From the first line of the listing, copy each line exactly until you have included the line with "Einführung in die"; leave out the pictures.

** Opening Data block **

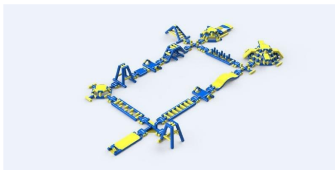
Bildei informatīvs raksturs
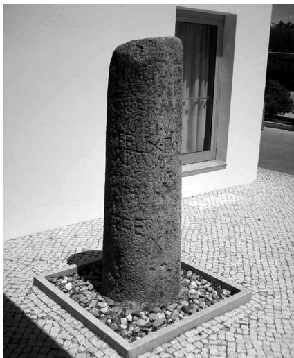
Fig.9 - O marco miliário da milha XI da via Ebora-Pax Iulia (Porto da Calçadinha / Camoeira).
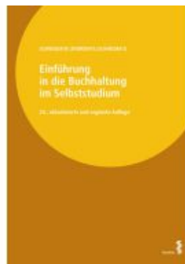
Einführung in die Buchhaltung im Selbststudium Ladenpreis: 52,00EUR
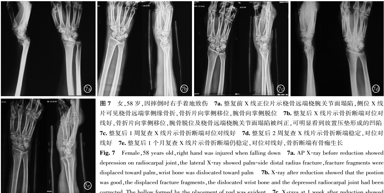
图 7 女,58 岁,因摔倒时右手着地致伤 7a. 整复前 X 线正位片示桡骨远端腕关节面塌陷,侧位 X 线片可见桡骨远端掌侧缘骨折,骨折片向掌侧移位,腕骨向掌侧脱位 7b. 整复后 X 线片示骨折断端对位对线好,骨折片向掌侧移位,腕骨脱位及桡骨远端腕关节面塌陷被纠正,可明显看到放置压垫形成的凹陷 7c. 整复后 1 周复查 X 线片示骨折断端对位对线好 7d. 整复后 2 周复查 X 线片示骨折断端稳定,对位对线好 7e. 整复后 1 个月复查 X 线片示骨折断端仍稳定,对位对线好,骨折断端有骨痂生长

** Closing Data block **

- [Response to the task]
Bildei informatīvs raksturs
Fig.9 - O marco miliário da milha XI da via Ebora-Pax Iulia (Porto da Calçadinha / Camoeira).
Einführung in die Buchhaltung im Selbststudium Ladenpreis: 52,00EUR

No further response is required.